_The records_.
== Segment start ==

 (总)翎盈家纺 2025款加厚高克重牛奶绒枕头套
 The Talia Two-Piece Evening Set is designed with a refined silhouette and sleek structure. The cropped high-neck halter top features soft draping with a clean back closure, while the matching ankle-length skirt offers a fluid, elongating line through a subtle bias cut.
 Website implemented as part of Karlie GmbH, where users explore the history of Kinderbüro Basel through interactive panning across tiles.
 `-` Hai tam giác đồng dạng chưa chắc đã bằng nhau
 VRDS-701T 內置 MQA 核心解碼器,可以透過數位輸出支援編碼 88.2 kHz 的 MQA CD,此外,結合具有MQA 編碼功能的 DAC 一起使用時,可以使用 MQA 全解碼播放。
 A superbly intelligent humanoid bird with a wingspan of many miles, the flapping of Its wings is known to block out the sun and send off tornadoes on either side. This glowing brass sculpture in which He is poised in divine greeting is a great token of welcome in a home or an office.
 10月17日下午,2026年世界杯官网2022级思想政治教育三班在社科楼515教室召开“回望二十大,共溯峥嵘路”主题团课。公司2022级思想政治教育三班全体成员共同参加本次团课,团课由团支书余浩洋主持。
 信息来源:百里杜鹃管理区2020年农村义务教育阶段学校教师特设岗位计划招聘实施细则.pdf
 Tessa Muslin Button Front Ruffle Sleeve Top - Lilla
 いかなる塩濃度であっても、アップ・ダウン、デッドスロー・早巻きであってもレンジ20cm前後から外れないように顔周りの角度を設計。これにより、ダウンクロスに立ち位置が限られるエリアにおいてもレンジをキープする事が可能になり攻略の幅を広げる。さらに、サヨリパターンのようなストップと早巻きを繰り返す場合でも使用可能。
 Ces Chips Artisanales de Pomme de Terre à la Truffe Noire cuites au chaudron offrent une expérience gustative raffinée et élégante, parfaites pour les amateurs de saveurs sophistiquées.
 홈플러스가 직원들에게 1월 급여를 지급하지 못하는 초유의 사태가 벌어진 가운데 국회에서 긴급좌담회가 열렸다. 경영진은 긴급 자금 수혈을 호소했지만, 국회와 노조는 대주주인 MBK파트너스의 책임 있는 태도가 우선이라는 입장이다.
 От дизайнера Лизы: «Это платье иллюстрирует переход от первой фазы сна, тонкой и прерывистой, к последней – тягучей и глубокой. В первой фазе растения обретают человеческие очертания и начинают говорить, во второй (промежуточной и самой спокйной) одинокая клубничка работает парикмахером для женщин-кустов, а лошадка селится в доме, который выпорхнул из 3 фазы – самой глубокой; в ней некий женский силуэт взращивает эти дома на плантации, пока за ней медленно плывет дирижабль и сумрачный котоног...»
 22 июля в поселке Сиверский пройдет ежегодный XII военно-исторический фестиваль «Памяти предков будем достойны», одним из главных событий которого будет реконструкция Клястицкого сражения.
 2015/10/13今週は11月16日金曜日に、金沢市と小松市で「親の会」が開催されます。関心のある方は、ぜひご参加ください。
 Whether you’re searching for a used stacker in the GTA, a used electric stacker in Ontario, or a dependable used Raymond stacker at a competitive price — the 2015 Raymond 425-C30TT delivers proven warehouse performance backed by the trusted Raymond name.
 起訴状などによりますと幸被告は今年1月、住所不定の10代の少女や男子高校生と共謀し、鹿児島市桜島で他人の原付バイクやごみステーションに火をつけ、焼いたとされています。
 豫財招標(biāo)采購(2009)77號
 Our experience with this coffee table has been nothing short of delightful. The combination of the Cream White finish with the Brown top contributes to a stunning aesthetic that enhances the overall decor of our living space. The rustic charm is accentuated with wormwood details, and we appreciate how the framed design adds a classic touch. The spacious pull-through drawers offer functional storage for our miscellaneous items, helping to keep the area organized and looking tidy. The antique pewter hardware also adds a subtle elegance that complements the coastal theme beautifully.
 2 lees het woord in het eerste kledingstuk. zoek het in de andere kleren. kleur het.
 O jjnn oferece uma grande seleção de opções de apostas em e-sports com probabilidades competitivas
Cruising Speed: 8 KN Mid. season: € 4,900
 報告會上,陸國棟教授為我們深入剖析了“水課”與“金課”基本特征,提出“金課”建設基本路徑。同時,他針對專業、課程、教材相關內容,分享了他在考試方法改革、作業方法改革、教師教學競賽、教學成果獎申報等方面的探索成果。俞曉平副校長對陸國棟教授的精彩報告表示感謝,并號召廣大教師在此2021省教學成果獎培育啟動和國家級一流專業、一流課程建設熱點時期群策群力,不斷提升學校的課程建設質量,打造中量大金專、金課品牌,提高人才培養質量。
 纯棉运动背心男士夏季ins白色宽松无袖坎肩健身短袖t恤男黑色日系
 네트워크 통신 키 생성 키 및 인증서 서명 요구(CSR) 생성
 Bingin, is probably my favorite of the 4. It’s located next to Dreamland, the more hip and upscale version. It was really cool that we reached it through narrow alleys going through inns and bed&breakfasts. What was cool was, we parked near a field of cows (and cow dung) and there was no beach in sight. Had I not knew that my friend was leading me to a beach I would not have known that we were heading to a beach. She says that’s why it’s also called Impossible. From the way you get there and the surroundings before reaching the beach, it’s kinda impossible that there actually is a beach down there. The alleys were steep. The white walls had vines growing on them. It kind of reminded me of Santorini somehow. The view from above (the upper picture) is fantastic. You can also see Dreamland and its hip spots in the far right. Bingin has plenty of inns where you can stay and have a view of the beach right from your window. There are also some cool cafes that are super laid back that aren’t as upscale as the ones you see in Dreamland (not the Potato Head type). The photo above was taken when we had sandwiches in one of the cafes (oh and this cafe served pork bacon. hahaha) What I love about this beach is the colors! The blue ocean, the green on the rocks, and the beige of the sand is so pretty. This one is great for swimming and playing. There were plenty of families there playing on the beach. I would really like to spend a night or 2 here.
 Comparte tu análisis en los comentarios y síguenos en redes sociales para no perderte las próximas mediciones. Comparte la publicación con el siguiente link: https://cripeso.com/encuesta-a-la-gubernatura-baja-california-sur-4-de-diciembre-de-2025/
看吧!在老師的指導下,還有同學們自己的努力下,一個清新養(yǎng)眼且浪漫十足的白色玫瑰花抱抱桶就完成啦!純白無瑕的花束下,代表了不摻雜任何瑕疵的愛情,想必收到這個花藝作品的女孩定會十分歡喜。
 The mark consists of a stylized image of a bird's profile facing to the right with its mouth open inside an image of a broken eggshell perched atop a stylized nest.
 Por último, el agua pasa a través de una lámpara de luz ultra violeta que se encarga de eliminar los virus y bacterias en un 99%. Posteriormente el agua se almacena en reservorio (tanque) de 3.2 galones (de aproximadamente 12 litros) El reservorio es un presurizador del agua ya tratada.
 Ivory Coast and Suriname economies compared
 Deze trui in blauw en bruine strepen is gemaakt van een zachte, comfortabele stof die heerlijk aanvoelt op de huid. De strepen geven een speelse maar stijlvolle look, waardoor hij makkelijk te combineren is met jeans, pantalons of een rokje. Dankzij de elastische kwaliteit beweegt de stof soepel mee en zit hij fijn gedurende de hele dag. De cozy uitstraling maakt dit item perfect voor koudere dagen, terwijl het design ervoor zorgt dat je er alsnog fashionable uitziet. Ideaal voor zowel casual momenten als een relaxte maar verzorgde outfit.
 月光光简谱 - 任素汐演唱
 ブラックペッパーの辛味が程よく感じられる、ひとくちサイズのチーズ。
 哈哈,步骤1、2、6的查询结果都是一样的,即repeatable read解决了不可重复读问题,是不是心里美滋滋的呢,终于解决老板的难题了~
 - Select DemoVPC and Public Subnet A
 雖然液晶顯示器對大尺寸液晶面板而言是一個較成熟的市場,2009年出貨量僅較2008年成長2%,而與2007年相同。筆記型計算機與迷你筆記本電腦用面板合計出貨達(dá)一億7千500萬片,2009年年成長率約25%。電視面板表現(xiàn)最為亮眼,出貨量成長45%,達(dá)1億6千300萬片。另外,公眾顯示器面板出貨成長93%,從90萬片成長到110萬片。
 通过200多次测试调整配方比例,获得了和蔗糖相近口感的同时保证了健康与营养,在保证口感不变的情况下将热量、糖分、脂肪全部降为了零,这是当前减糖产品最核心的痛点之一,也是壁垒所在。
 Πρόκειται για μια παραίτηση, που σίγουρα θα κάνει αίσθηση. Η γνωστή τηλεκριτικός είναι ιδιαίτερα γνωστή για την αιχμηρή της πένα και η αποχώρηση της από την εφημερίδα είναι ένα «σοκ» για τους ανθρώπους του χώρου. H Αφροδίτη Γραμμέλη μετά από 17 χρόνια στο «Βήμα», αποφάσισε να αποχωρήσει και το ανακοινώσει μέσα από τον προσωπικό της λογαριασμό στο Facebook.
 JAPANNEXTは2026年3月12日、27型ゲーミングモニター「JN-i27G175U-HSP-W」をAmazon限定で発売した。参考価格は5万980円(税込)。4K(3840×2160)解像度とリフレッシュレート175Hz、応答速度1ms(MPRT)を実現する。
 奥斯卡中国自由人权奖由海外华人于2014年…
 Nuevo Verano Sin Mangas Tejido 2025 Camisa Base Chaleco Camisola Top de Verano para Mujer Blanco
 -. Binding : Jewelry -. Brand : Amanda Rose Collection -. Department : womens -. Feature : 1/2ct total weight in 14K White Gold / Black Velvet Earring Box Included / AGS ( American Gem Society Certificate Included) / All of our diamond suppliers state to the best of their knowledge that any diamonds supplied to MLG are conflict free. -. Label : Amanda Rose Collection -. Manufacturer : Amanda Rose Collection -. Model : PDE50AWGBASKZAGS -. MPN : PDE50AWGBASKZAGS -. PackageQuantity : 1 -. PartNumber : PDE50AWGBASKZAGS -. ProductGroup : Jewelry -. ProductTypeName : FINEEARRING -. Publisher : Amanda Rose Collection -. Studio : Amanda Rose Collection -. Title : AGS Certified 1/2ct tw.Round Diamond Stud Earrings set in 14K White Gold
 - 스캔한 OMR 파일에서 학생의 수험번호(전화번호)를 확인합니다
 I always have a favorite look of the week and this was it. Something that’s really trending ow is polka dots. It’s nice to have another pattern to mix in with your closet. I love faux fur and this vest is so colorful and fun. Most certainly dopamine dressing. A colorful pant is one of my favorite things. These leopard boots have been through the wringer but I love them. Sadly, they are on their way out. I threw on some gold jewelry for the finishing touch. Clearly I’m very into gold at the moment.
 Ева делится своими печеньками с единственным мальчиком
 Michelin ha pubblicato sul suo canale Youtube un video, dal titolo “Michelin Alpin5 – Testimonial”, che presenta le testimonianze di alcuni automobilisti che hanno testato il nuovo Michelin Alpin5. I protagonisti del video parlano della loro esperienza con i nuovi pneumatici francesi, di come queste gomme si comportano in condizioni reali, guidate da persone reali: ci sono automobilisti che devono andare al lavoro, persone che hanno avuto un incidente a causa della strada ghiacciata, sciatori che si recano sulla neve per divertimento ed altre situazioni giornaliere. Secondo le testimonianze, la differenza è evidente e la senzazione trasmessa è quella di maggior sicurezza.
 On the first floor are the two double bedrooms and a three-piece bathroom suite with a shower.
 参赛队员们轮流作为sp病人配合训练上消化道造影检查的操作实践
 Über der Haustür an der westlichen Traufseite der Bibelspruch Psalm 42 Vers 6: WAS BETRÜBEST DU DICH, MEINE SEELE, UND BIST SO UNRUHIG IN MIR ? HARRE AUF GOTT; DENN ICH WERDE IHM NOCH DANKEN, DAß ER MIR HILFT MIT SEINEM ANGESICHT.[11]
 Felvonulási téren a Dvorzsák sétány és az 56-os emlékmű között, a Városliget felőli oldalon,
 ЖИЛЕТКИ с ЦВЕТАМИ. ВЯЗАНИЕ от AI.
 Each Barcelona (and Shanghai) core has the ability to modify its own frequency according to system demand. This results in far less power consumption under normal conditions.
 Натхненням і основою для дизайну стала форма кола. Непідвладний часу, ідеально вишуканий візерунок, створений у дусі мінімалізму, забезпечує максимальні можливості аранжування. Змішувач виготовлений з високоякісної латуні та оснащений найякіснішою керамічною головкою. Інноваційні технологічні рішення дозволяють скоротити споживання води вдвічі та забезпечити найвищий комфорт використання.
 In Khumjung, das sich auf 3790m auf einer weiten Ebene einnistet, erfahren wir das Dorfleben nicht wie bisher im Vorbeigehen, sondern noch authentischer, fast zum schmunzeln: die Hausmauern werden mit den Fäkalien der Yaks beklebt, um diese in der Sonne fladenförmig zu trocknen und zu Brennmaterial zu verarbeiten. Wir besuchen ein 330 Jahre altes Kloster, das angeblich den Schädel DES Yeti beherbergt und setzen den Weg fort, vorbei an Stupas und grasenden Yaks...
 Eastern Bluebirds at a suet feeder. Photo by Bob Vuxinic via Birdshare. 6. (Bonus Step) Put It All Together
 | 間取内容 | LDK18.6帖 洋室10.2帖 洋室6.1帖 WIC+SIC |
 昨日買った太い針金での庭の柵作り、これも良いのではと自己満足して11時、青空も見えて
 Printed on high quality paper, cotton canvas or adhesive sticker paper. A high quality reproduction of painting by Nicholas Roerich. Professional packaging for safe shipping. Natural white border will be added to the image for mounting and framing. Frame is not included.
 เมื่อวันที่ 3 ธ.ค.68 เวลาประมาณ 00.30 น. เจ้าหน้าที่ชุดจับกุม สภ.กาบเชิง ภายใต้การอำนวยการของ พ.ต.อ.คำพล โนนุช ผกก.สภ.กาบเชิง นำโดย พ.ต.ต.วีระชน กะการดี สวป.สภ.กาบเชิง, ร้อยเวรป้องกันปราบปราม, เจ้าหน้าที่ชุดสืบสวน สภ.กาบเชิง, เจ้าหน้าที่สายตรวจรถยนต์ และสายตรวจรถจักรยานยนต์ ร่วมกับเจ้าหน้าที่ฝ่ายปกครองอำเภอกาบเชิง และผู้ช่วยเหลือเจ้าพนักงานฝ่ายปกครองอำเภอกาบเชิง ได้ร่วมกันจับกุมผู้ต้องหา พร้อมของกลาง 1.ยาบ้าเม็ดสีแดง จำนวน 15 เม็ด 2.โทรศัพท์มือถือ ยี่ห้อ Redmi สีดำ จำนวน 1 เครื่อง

== Segment end ==

_Your goal_.
Copy the lines above exactly, beginning at the line that has "ЖИЛЕТКИ с ЦВЕТАМИ. ВЯЗАНИЕ от AI." and stopping after the line that has "Each Barcelona (and", and omit the rest.

_Expected answer_.
 ЖИЛЕТКИ с ЦВЕТАМИ. ВЯЗАНИЕ от AI.
 Each Barcelona (and Shanghai) core has the ability to modify its own frequency according to system demand. This results in far less power consumption under normal conditions.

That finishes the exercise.